We propose to address this challenge using Responsible Research and Innovation (RRI), which is a recent and interesting approach to complex problem solving. This strategic approach is also used in EU research programmes.

This PhD project will involve a collaboration between three Faculties at UiB including 4 different scientific environments. It will establish a new collaboration between the different Faculties that demonstrates interdisciplinary at its best. Its aim is to use cross-disciplinary approaches to investigate how nutrition recommendations can be designed when considering food systems from the angles of health, biology, and ethics.
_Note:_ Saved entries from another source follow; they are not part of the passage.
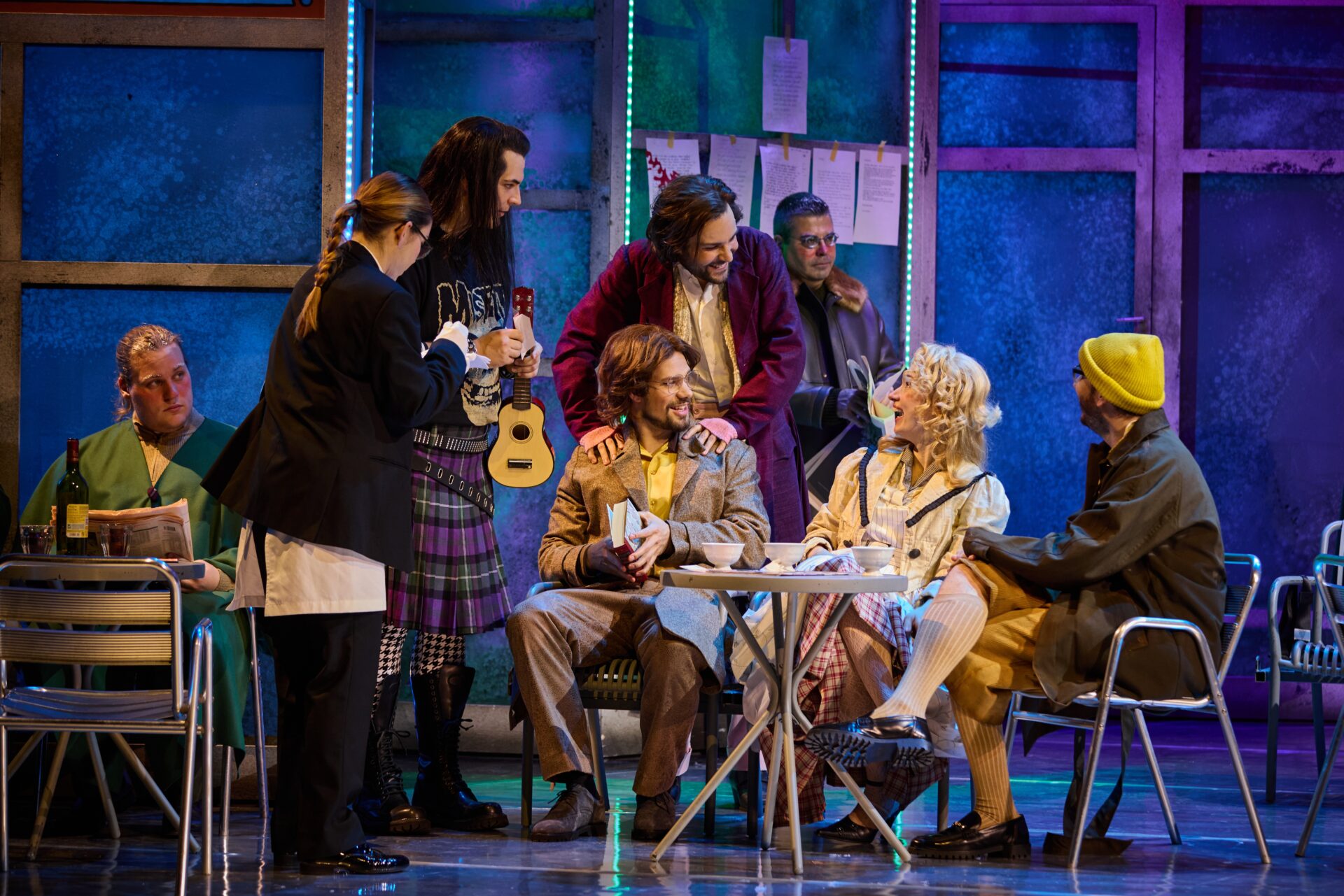 Vorheriges Bild Nächstes Bild La Bohème Foto: Ludwig Olah Auf dem Bild: Felix Gygli, Jonas Jud, Vincenzo Neri, Sylvia D’Eramo, Brian Michael Moore (v.r.n.l.), Chor des Theaters St.Gallen, Opernchor St.Gallen
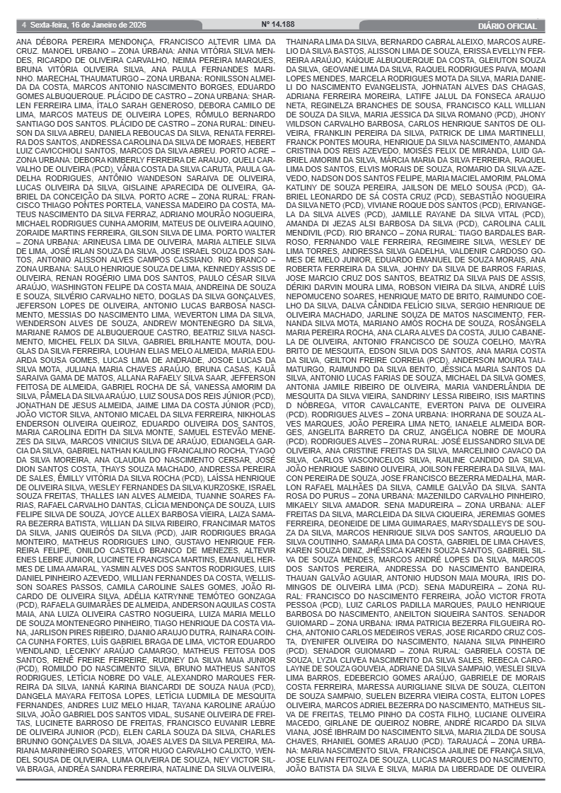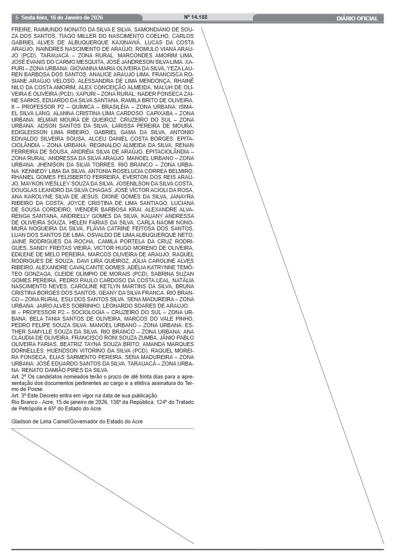O Governo do Acre publicou no Diário Oficial do Estado (DOE) desta sexta-feira (16), decreto que oficializa a nomeação de centenas de aprovados no concurso público da Secretaria de Estado de Educação e Cultura (SEE). Ao todo, o decreto reúne mais de 100 nomeações, distribuídas entre cargos administrativos e do magistério, com lotações em praticamente todos os municípios acreanos
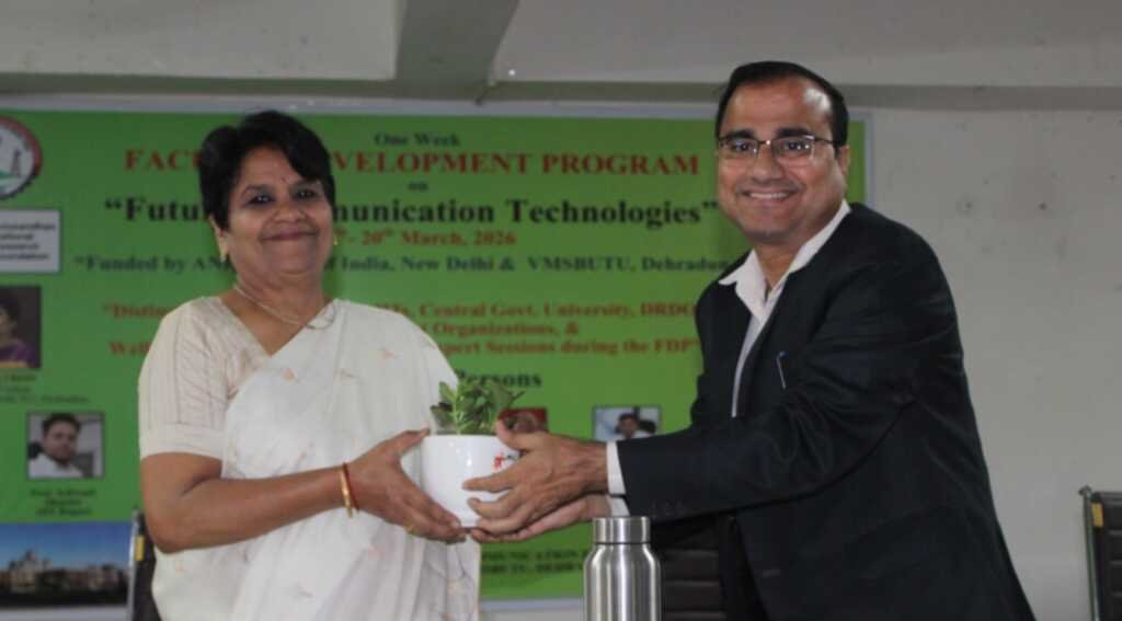 देहरादून। वीर माधो सिंह भंडारी उत्तराखंड प्रौद्योगिकी विश्वविद्यालय के परिसर संस्थान, महिला प्रौद्योगिकी संस्थान, देहरादून में पांच दिवसीय फैकल्टी डेवलेपमेंट कार्यक्रम विषय “फ्यूचर कम्युनिकेशन टेक्नोलॉजी” का विधिवत शुभारंभ डॉ. तृप्ता ठाकुर, माननीय कुलपति महोदया वीर माधो सिंह भंडारी उत्तराखंड प्रौद्योगिकी विश्वविद्यालय, देहरादून द्वारा किया गया।

The results will suggest a framework for guiding policy recommendations based on considerations of sustainable development.

Faculties of Medicine:

Centre for International Health; Professor Ingunn Marie S. Engebretsen (main supervisor) and
Centre for Nutrition; Professor Jutta Dierkes (co-supervisor)

Faculty of Mathematics and Natural Sciences:

Ecological and Environmental Change Research Group, Department of Biological Sciences (BIO); Associate Professor, UNESCO Chair on Sustainable Heritage and Environmental Management Inger Elisabeth Måren (co-supervisor)

Faculty of Humanities:

Centre for the Study of the Sciences and the Humanities; Professor and Head of Department Matthias Kaiser (co-supervisor)

 

Project update

We met with Habumugisha to see how his project is progressing. Habumugisha will be rotating through the different collaborating Faculties. However, he explained that his project will be primarily based in medical methodologies, where he will use both qualitative and quantitative approaches. His first paper will be a systematic review and meta-analysis to gain understanding of meat-reduced diets and their effects on nutrition status from a global perspective. The second and third papers are population-based studies where he will apply cross-sectional methodological design, which he hopes to carry out in his home country, Rwanda. Habumugisha explains that Rwanda is a unique research environment for carrying out such a study as animal raising (meat protein production) and farming (plant protein production) have changed significantly since the genocide against the Tutsi in 1994. Another fact that makes Rwanda as a unique case study for his project is the fast-growing economy and rapid urbanization, all occurring in the post-genocide era. He thinks that all these factors, and others, may influence dietary changes in his country. Research, such as his PhD project, is urgently needed to inform policy interventions.

Habumugisha did his undergraduate studies in Human Nutrition and Dietetics at the College of Medicine and Health Science, University of Rwanda. Prior moving to The Netherlands where he did his master’s in Nutrition and Health at Wageningen University, he worked in primary healthcare within a refugee camp, where he was in charge of the nutrition program.  He is concerned that the COVID-19 pandemic will affect his ability to conduct field work, not only in terms of getting to Rwanda, but, once in the country, being able to travel freely out to communities to conduct his studies.